Como elemento de duda, para hacer aparecer más gravoso el papel del Ejército, el análisis tendencioso que se hace sobre los hechos del 6 y 7 de noviembre de 1985 señala que no se respetó la cadena de custodia de las pruebas, que se alteró la escena del delito y se violaron los procedimientos de policía judicial, pero ignorando ex profeso que el Ejército no tenía esas facultades y no las desarrolló, que una vez recuperado el edificio y eliminada la amenaza, fue la Policía Nacional la encargada del manejo de la situación; es más la acción de recuperación del Palacio fue conjunta entre Ejército y Policía.
Mientras se hace eco con cada aniversario del llamado angustioso del Magistrado Alfonso Reyes Echandía pidiendo que se ordenara el alto al fuego, se escondió en el olvido la amenaza del terrorista Otero quien desaforadamente gritaba ¡Aquí nos morimos todos! Como quedó registrado en los medios radiales que entrevistaban al jurista amenazado por la pistola del terrorista.
Los macabros hechos propiciados por el M-19 han querido ser reducidos históricamente a un enfrentamiento armado entre dos fuerzas: El Ejército como representante de la legalidad constitucional y el comando terrorista, mostrando de manera irreal y amañada que hubo una decisión militar de arrasar el interior del Palacio, de fumigar todo lo viviente dentro del mismo y desconociendo que precisamente fue la acción del Ejército la que permitió la supervivencia de la mayoría de los cautivos del M-19, más de 200 persona, incluso de terroristas que salieron disfrazados de víctimas como es el caso de una criminal que hoy vive a costa del Estado en México como presunta víctima del mismo.
En estos 25 años los representantes del M-19 han justificado una y otra vez la intención política del comando dirigido por Luis Otero Cifuentes, señalando que a pesar de los crímenes cometidos desde las 11:30 horas del 6 de noviembre de 1985 contra inocentes celadores y policías, el objetivo único era conducir un juicio popular contra el presidente Belisario Betancur, a quien acusaban de: “Firmar el acuerdo de cese del fuego y Diálogo Nacional con actitud dolosa y mal intencionada, abusando de la confianza de la Nación y deshonrando su alta investidura”; “impedir la expresión y la participación ciudadana en la búsqueda de soluciones políticas negociadas a los profundos antagonismos sociales que vive la Nación colombiana y de promover la guerra fratricida”; “romper la tregua mediante continuas agresiones contra las fuerzas populares alzadas en armas que suscribieron el acuerdo de cese del fuego y Diálogo Nacional” y, finalmente, “implementar una política económica y social en contravía a cualquier propósito de paz, de incitación a la sublevación popular y de entrega de la soberanía nacional”.
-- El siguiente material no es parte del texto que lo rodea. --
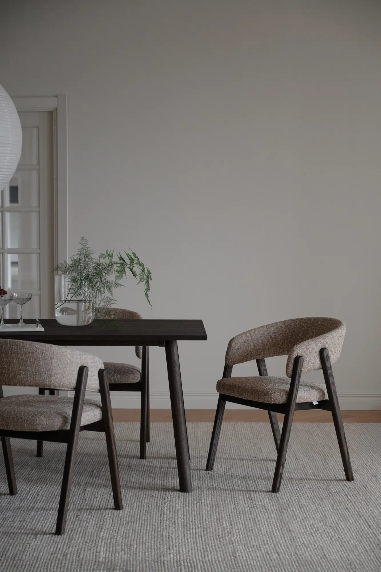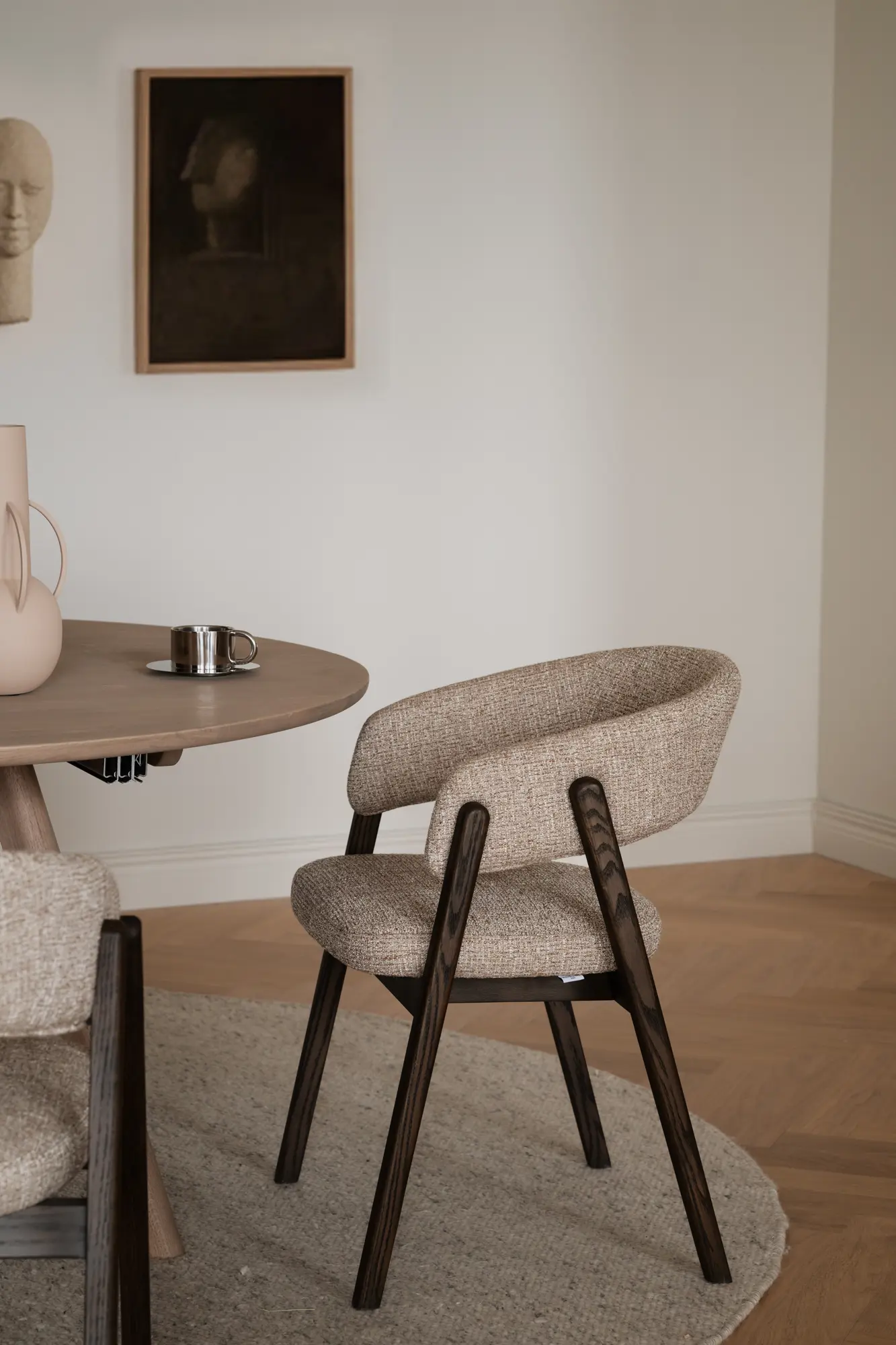 En modern klassiker med rundade former och en vackert öppen rygg som ger ett luftigt och tidlöst uttryck. Barnaby i mörkbeige textil och brun ek är en karmstol som omedelbart känns välkomnande, där varje linje är mjukt formgiven för att skapa en harmonisk helhet. Kombinationen av elegant utformade trädetaljer och den omsorgsfullt balanserade siluetten ger stolen en naturlig värme och ett uttryck som både står ut och smälter in beroende på miljö.
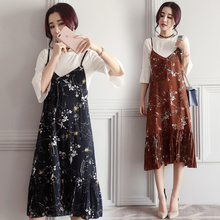 夏装新款2017韩版宽松印花吊带圆领连衣裙女百搭中长款两件套装

Nada que envidiarle al actual discurso de Alfonso Cano y las Farc, de tal manera que toda acción terrorista contra el Estado y la sociedad colombiana deberá ser considerado como parte de una acción altruista, mientras la respuesta legítima de ese Estado y sus Fuerzas Militares contra la violación a la Constitución y la ley, seguirá el rumbo de la criminalización por parte de un poder judicial plegado a los intereses ideológicos de unas minorías que mediante el terror propenden por imponernos el socialismo narcoguerrillero.
[1][1] Ver texto complete en: http://www.semana.com/documents/Doc-2123_2010114.pdf
[2] Ibíd.
[3] Ibíd.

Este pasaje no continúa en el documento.